• WHAT NEEDS TO BE DONE:
Starting at the first line of the entries below, please return exactly each line up to and including the one with "Ας υποθέσουμε ότι"; pictures stay out.

• INFORMATION SHOWN:

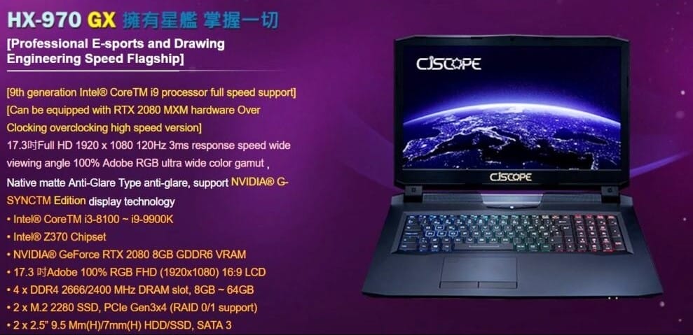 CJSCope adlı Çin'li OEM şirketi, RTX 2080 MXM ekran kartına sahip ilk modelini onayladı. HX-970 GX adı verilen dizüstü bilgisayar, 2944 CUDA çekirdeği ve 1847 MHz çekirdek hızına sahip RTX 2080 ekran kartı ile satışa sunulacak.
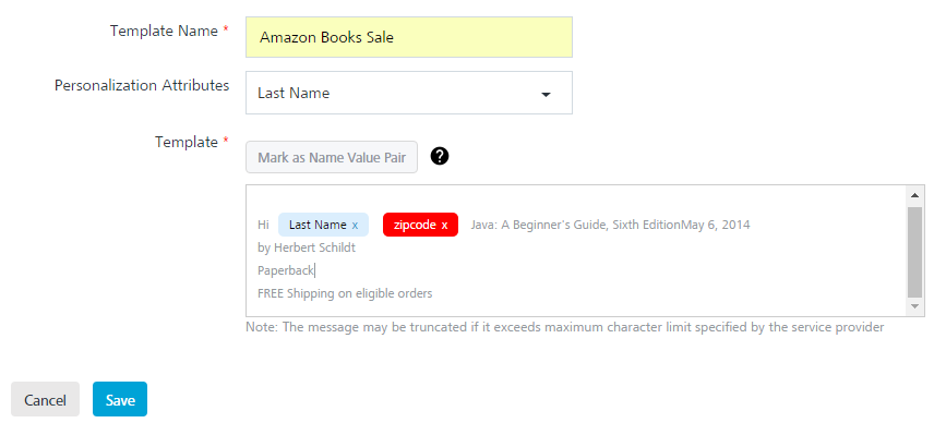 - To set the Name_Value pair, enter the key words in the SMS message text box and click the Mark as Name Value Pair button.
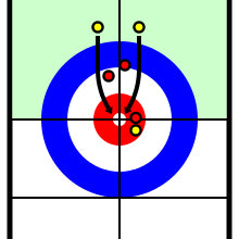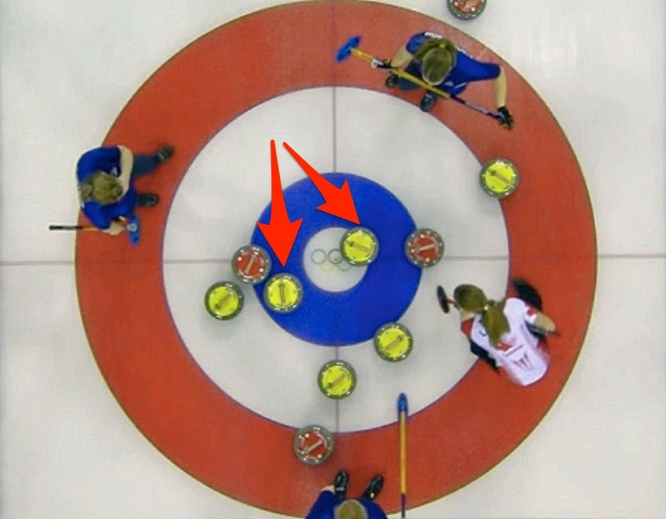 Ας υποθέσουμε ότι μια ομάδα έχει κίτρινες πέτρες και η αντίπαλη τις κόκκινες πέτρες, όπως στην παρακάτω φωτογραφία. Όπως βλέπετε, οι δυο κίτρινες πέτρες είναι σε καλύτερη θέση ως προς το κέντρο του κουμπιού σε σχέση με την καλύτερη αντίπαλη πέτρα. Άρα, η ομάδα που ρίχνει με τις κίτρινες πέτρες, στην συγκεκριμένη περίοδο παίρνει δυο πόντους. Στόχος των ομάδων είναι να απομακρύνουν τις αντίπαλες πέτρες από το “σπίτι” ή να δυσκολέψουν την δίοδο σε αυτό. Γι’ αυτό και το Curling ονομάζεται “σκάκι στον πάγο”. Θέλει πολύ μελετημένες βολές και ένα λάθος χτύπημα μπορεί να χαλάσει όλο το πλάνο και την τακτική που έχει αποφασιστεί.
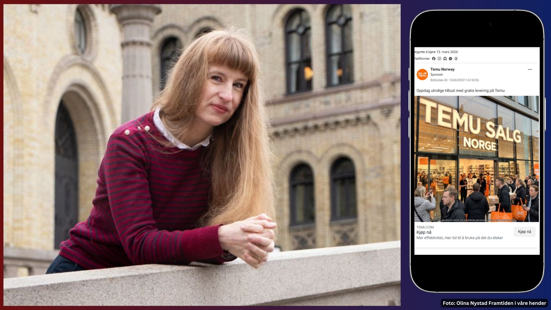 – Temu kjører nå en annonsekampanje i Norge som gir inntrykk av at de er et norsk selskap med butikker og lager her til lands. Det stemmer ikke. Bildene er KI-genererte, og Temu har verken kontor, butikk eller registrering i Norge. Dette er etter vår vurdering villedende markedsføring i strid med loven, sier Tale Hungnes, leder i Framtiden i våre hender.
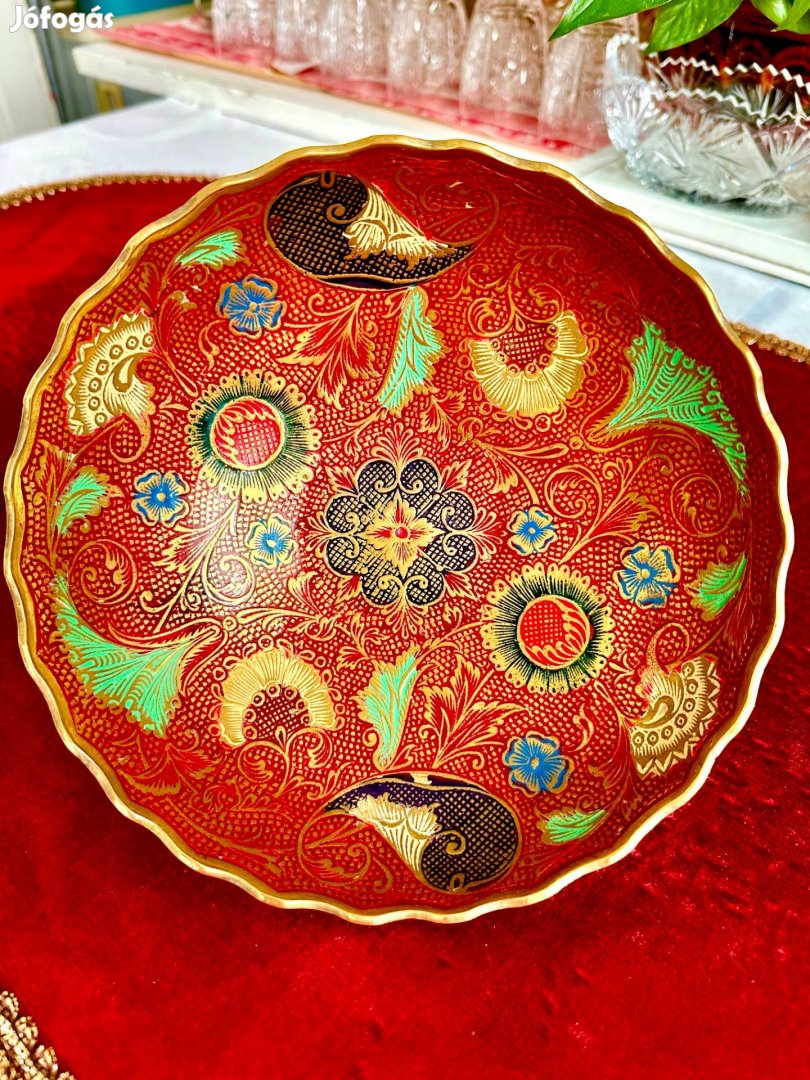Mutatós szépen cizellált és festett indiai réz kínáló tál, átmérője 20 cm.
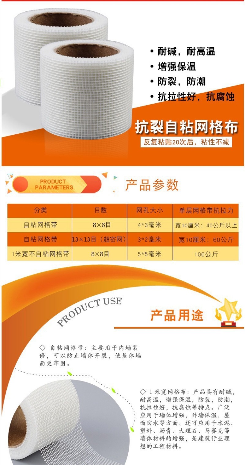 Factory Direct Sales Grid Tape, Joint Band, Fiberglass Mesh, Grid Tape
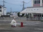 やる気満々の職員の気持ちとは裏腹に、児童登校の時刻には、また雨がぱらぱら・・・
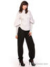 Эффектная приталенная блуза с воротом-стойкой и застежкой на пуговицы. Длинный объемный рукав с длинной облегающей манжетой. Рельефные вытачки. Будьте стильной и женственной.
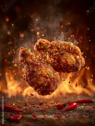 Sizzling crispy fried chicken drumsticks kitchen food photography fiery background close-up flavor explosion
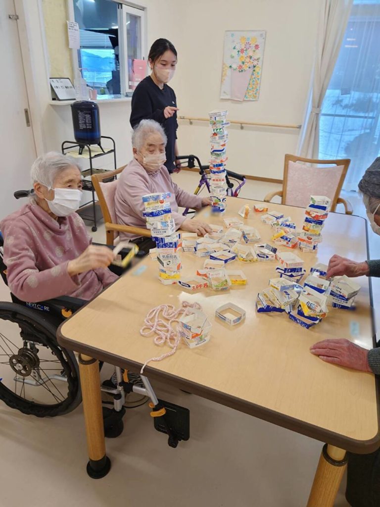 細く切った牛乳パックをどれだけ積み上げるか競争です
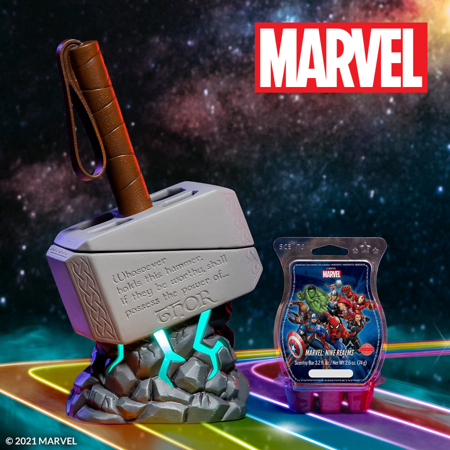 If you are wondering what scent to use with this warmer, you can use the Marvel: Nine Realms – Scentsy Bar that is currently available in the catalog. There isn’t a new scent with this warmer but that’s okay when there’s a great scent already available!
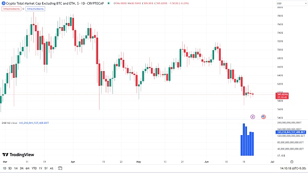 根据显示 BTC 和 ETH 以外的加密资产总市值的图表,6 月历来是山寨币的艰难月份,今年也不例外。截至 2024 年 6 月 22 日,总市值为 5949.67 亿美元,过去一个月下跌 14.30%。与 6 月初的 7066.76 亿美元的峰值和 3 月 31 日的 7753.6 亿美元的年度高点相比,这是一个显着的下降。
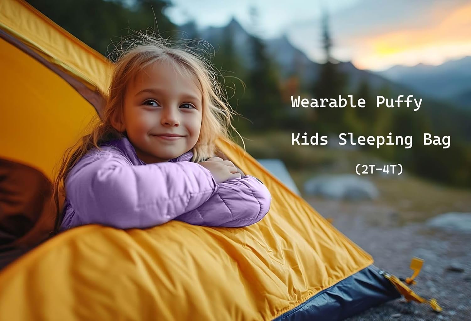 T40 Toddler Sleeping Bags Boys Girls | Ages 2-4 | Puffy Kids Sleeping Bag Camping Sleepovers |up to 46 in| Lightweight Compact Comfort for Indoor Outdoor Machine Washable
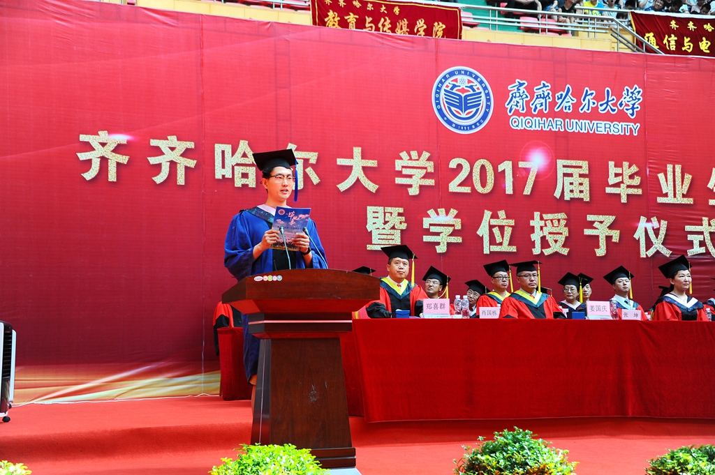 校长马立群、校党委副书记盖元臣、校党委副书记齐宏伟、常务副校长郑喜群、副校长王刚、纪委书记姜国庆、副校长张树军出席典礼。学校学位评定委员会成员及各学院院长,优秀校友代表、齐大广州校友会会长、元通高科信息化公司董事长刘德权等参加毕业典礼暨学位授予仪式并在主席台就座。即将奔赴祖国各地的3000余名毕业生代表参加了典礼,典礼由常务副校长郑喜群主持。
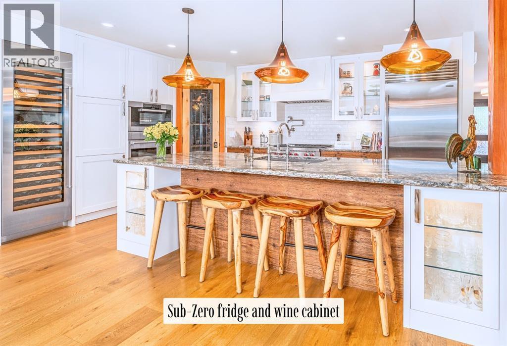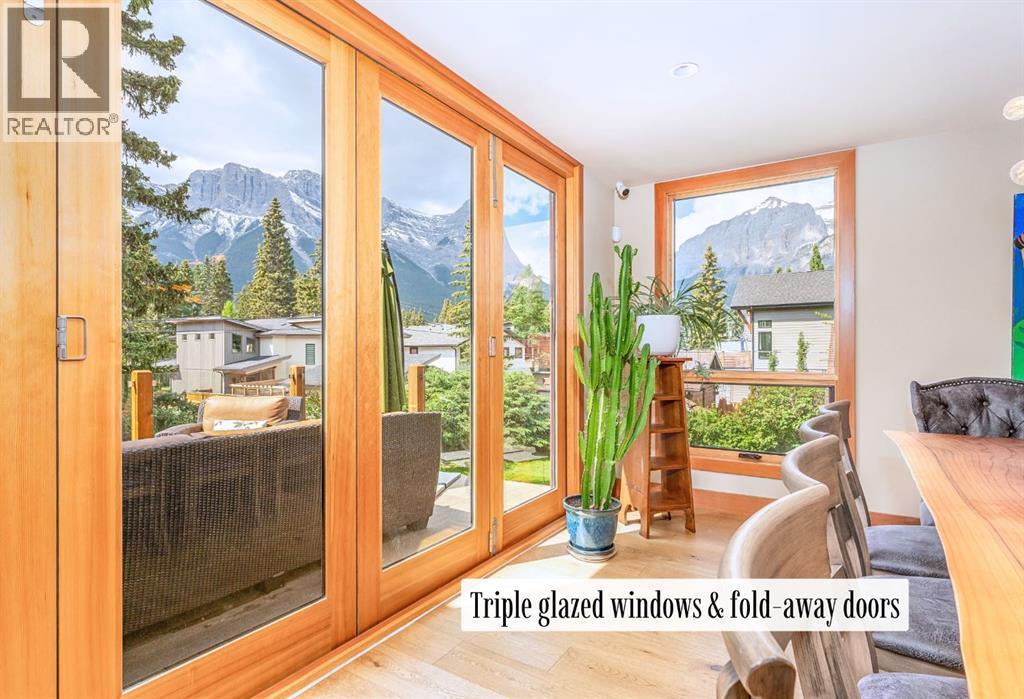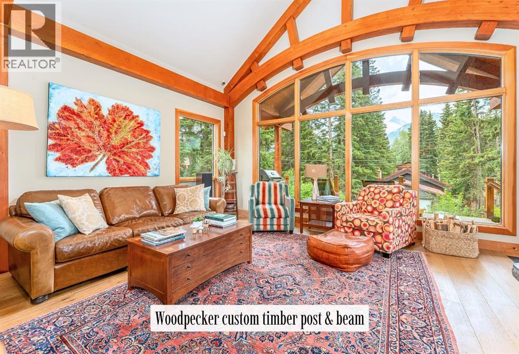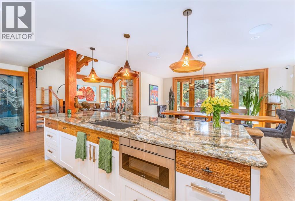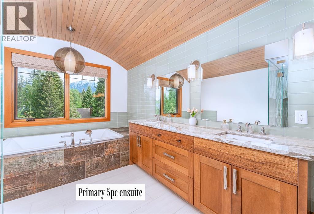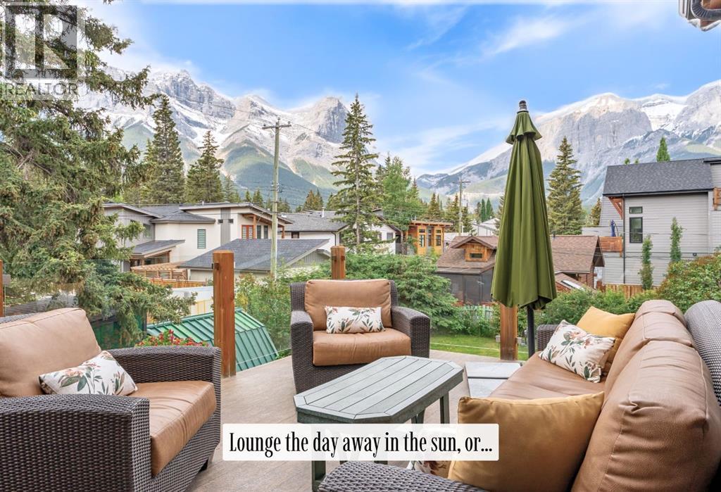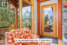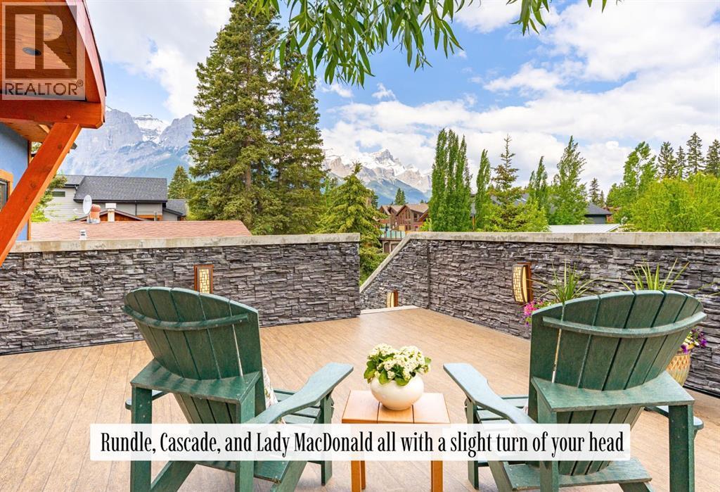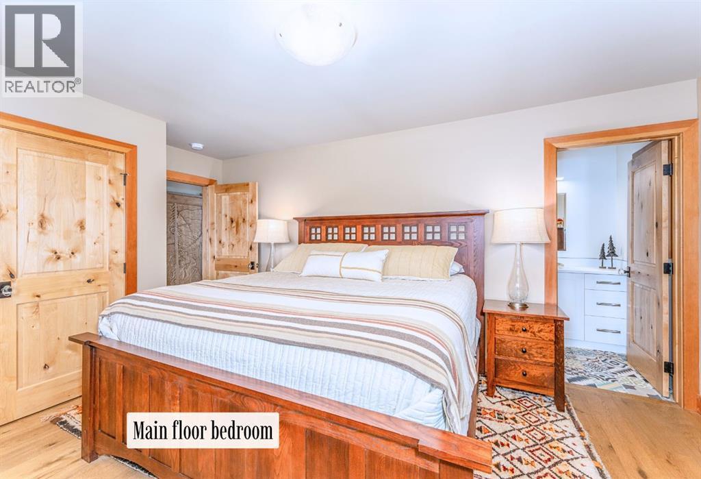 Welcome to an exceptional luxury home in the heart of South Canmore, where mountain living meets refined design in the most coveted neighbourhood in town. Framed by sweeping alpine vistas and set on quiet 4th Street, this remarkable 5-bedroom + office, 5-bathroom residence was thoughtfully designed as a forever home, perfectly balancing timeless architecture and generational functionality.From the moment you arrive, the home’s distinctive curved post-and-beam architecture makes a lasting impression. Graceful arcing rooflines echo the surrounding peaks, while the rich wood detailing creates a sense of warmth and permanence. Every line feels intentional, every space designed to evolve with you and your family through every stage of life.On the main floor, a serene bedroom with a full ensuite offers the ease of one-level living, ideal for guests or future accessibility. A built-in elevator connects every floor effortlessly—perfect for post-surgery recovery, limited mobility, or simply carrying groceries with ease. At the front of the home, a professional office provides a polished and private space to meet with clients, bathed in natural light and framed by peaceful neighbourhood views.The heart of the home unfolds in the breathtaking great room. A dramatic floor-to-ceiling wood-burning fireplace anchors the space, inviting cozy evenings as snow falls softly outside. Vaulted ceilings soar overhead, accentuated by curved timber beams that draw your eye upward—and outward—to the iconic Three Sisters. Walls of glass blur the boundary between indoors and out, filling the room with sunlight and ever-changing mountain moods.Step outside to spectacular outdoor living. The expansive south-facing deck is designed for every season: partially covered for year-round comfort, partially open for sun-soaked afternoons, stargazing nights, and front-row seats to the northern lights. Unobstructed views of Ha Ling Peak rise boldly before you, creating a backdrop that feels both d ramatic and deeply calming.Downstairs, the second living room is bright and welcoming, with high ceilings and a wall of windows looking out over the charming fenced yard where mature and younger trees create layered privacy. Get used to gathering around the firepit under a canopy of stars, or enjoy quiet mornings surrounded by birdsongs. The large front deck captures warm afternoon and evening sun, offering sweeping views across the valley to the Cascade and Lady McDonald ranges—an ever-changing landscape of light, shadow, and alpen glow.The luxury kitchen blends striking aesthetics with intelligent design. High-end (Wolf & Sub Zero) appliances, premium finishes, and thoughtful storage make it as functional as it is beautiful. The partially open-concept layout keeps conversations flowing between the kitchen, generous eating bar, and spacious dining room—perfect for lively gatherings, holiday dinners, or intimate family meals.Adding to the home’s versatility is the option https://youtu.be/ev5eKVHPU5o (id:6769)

• ANSWER FOR THE TASK:
 CJSCope adlı Çin'li OEM şirketi, RTX 2080 MXM ekran kartına sahip ilk modelini onayladı. HX-970 GX adı verilen dizüstü bilgisayar, 2944 CUDA çekirdeği ve 1847 MHz çekirdek hızına sahip RTX 2080 ekran kartı ile satışa sunulacak.
 - To set the Name_Value pair, enter the key words in the SMS message text box and click the Mark as Name Value Pair button.
 Ας υποθέσουμε ότι μια ομάδα έχει κίτρινες πέτρες και η αντίπαλη τις κόκκινες πέτρες, όπως στην παρακάτω φωτογραφία. Όπως βλέπετε, οι δυο κίτρινες πέτρες είναι σε καλύτερη θέση ως προς το κέντρο του κουμπιού σε σχέση με την καλύτερη αντίπαλη πέτρα. Άρα, η ομάδα που ρίχνει με τις κίτρινες πέτρες, στην συγκεκριμένη περίοδο παίρνει δυο πόντους. Στόχος των ομάδων είναι να απομακρύνουν τις αντίπαλες πέτρες από το “σπίτι” ή να δυσκολέψουν την δίοδο σε αυτό. Γι’ αυτό και το Curling ονομάζεται “σκάκι στον πάγο”. Θέλει πολύ μελετημένες βολές και ένα λάθος χτύπημα μπορεί να χαλάσει όλο το πλάνο και την τακτική που έχει αποφασιστεί.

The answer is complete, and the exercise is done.